Não há dados oficiais sobre as operações da Shein. A empresa não é listada e, portanto, não é obrigada a divulgar seu balanço. Sequer há informações sobre a sede na China ou suas plantas de produção. Não se sabe quase nada sobre seu fundador e CEO, Xu Yangtian, também conhecido como Chris Xu. Mas os números da empresa são impressionantes.
Segundo a Bloomberg, as vendas globais da varejista virtual não param de crescer, passando de US$ 10 bilhões em 2020, para US$ 100 bilhões no ano passado. Uma receita dessa tornaria a Shein a maior vendedora de produtos de moda do mundo, superando a espanhola Inditex, dona da Zara, que faturou cerca de US$ 32 bilhões, assim como a H&M, gigante sueca cujo faturamento ficou em US$ 24,8 bilhões, e a GAP, que vendeu US$ 15 bilhões.
A empresa atua em 165 países e emprega cerca de 10 mil pessoas. Entre os investidores da Shein, estão pesos-pesados das finanças mundiais, como os fundos de investimento Sequoia, General Atlantic e até mesmo o fundo soberano dos Emirados Árabes Unidos, o Mubadala.
O giro da produção é estrondoso. Todos os meses, a Shein lança 10 mil novos produtos. A Zara precisa de um ano para chegar a esse patamar — isso com investimento em marketing, via influenciadores, blogueiros de moda e celebridades. No Brasil, a garota-propaganda da Shein é a cantora Anitta.
A chinesa também trabalha com uma poderosa plataforma digital, usando cientificamente refinadas técnicas de SEO para interceptar as buscas dos internautas. Dessa forma, se os clientes procuram um modelo de vestuário ou acessório no Google, acabam direcionados para o seu site.
Tsunami no mercado brasileiro
No caso do mercado brasileiro, um relatório do banco BTG Pactual mostrou como, menos de um ano depois de sua chegada, a Shein já faturava um valor superior a R$ 2 bilhões. Em 2022, mais do que triplicou esse montante: chegou a R$ 8 bilhões. É um crescimento dez vezes superior ao de suas concorrentes brasileiras.
“Analisando os fluxos de cliques, a Shein tem mais de 20 milhões de usuários únicos por mês.
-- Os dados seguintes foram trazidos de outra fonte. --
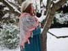 Puis la bordure de dentelle est entièrement relevée sur le V du châle, travaillée avec différents rangs raccourcis afin de donner de l’amplitude au châle sans l’approfondir, puis de créer ses jolies pointes.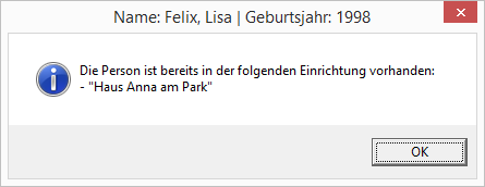 Wenn ein Name inkl. Geburtsjahr innerhalb von des Personal (gesamte TOPqw Datenbank) bei Eingabe schon existiert, wird dies durch ein Dialogfenster angezeigt. Es wird auch angezeigt in welcher Einrichtung die Person arbeitet.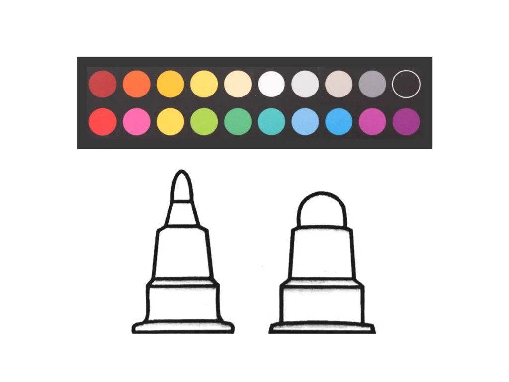 - inkoust na vodní bázi je rychleschnoucí a vysoce krycí, můžete tak tvořit na bílém, barevném i černém podkladu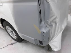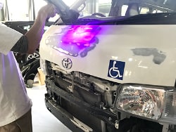 後方の事故の損傷時、リヤガラスが割れて飛散する場合がございます。 そんな時は、自社鈑金塗装工場に福祉車輌取扱士がいる当社なら、リフト部分や固定装置を分解して隅々まで清掃し、点検することが可能です!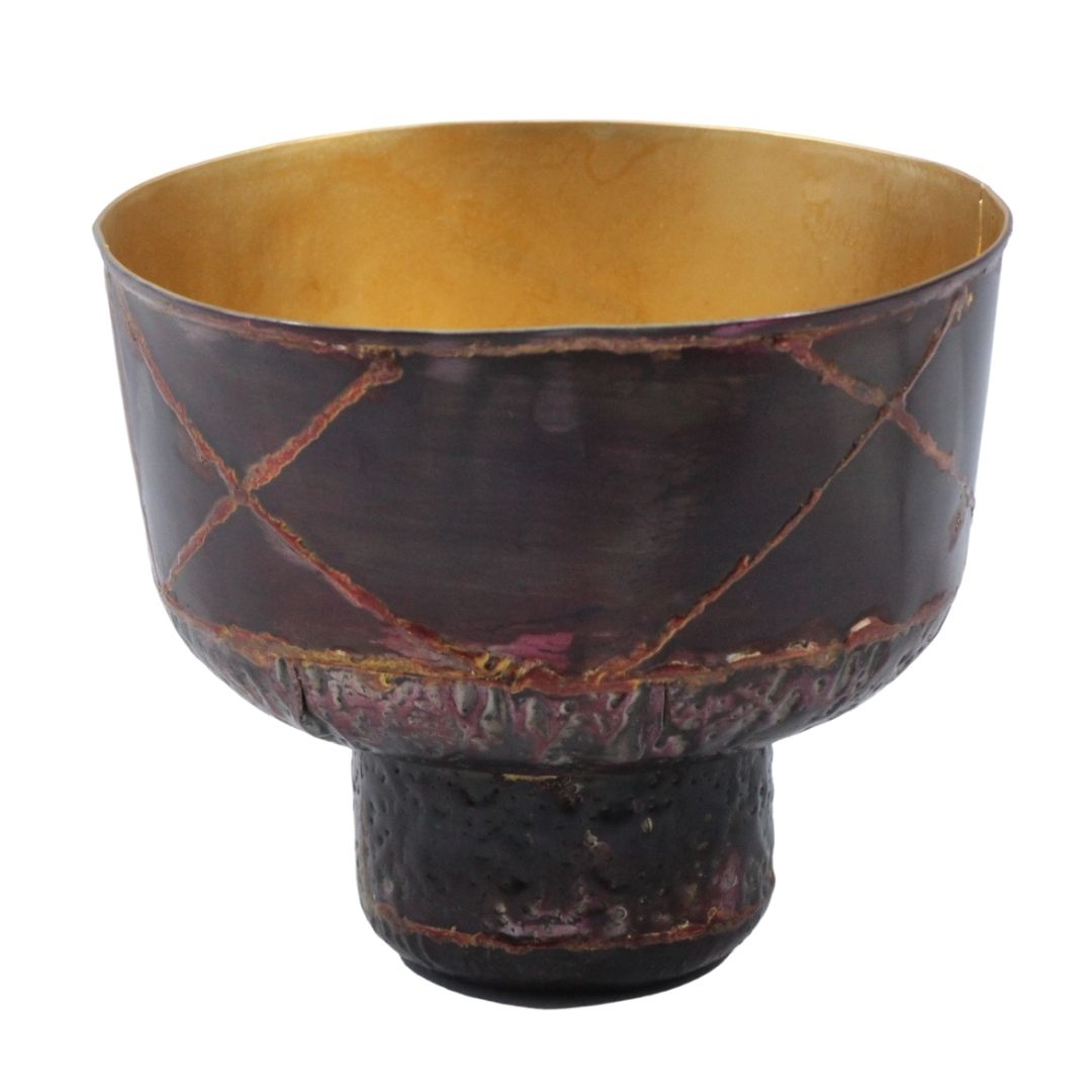 Elevate your home decor with this elegant copper gold metal bowl. Its oval shape and distressed metallic finish, featuring unique speckled patterns in silver and gold tones, make it a premium design piece. Perfect as a standalone decorative accent or as a flower vase, it suits both modern and rustic interiors. Crafted from high-quality iron with a robust build, it ensures durability and stability. The hand-finished weathered patina creates an eye-catching vintage appearance. Its generous size offers ample room for floral arrangements.

Para ter uma ideia, ela tem mais clientes ativos do que o Magazine Luiza e mais do que o dobro da Renner. Sem dúvidas é a empresa com maior impacto no setor de varejo no momento. É algo brutal”, diz a Oeste Alberto Serrentino, consultor do setor de varejo e fundador da Varese Retail.
Em poucos meses, as vendas da Shein bateram as da Marisa, rede fundada em 1948 que conta com quatro centenas de lojas. A chinesa já está bem perto da segunda e da terceira maiores redes de varejo têxtil nacionais. No ano passado, a Guararapes, dona da Riachuelo, faturou R$ 8,6 bilhões; e a C&A, R$ 8,2 bilhões. Somente a Renner deve manter a liderança, com uma receita bruta de R$ 15,9 bilhões.
A Shein já representa um verdadeiro tsunami no mercado de moda brasileiro. Com a sua chegada, a produção têxtil local caiu 13% em 2022, a linha de vestuário diminuiu 8%, mas as vendas no varejo do setor subiram 14%. Ou seja, mais roupas foram vendidas, mas a produção caiu. A diferença foi importada. Boa parte, da China.
Os efeitos negativos não demoraram a aparecer. “Sem esse contrabando todo, talvez eu não tivesse que fechar 90 lojas”, declarou recentemente o CEO da Marisa, João Pinheiro Nogueira Batista. O executivo se referia ao método de importação dos produtos da Shein para o Brasil — completamente isento de impostos, graças a uma portaria de 1999 do Ministério da Fazenda. Segundo essa medida, o envio de qualquer mercadoria, oriunda do exterior e com valor de até US$ 50, de uma pessoa para outra pessoa, é isento de tributação.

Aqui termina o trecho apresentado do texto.